## Task to complete:
Without the images, write out the whole listing exactly.

## Supplied material:

--- START ---

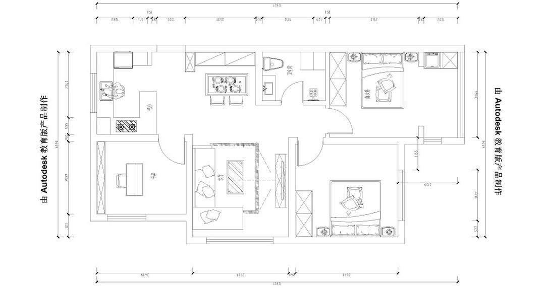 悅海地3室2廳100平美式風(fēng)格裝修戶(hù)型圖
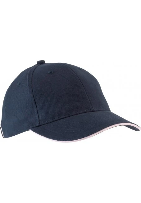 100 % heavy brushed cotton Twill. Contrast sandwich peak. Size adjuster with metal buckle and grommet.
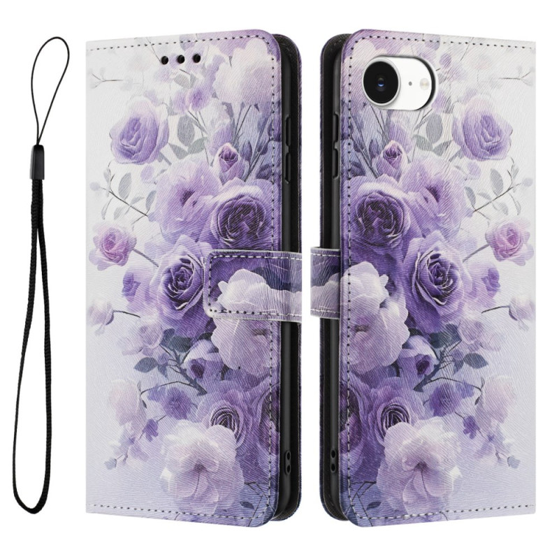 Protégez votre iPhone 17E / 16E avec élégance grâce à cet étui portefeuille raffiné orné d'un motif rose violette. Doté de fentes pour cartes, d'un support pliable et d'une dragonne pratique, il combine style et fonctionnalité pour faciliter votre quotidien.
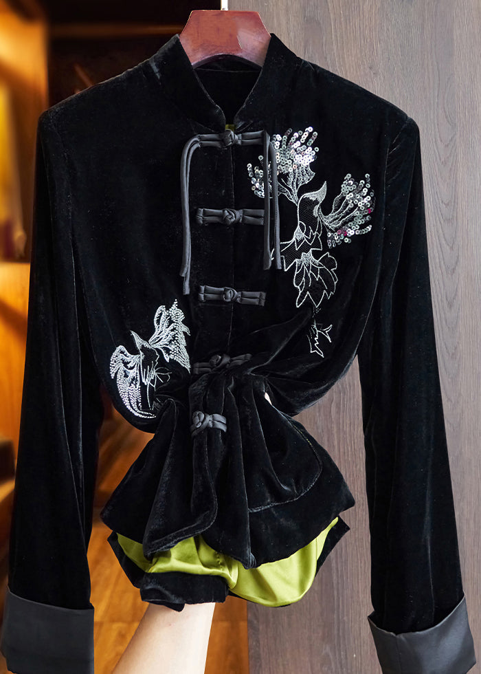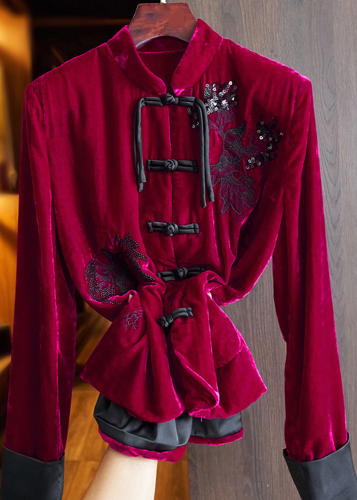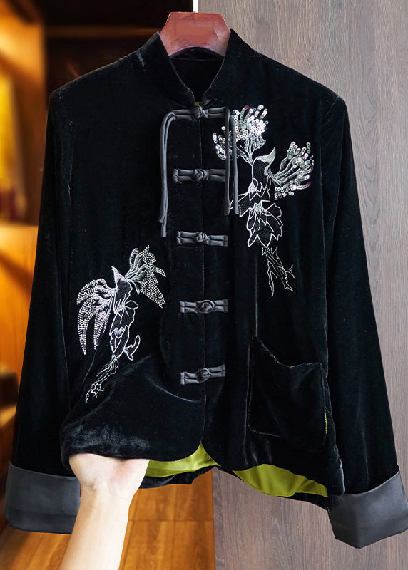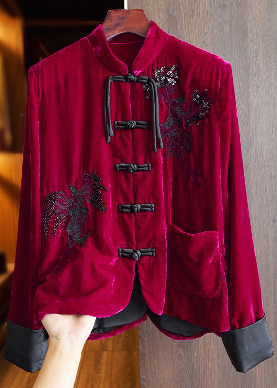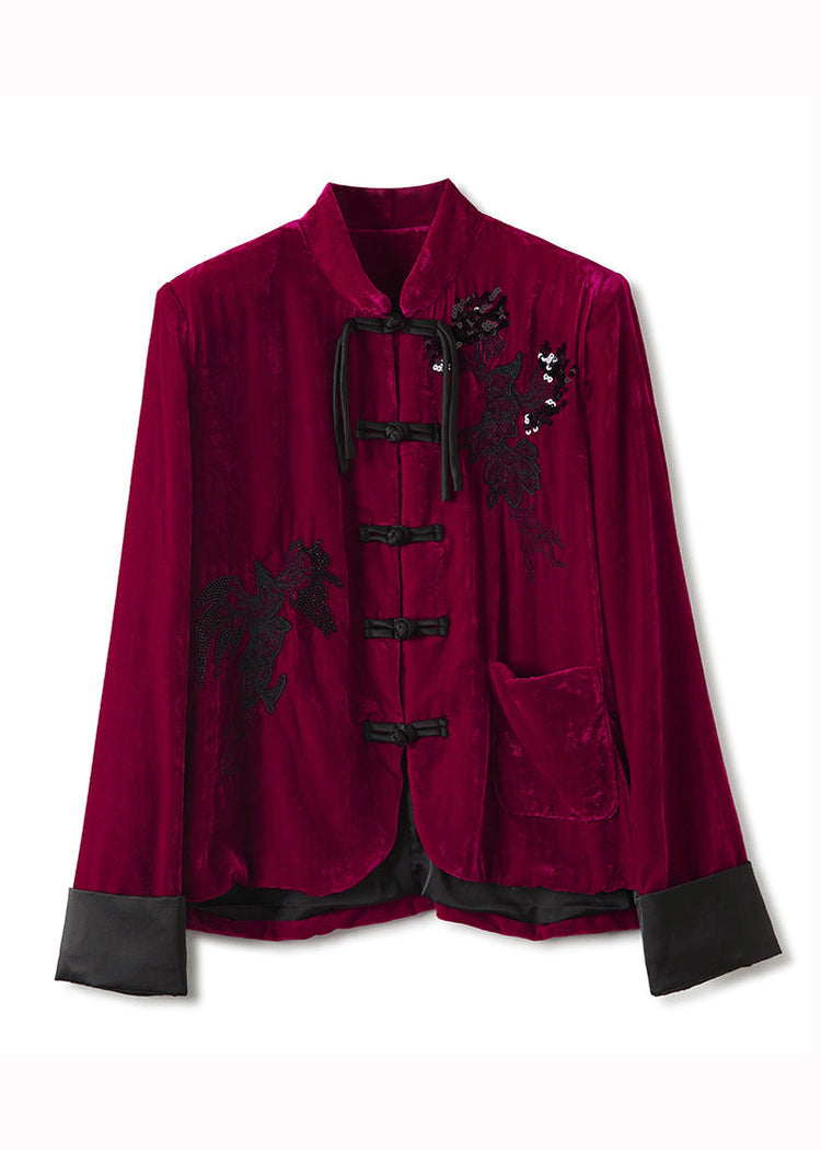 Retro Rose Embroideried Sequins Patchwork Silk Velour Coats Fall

--- END ---

## Solution to the exercise:
 悅海地3室2廳100平美式風(fēng)格裝修戶(hù)型圖
 100 % heavy brushed cotton Twill. Contrast sandwich peak. Size adjuster with metal buckle and grommet.
 Protégez votre iPhone 17E / 16E avec élégance grâce à cet étui portefeuille raffiné orné d'un motif rose violette. Doté de fentes pour cartes, d'un support pliable et d'une dragonne pratique, il combine style et fonctionnalité pour faciliter votre quotidien.
 Retro Rose Embroideried Sequins Patchwork Silk Velour Coats Fall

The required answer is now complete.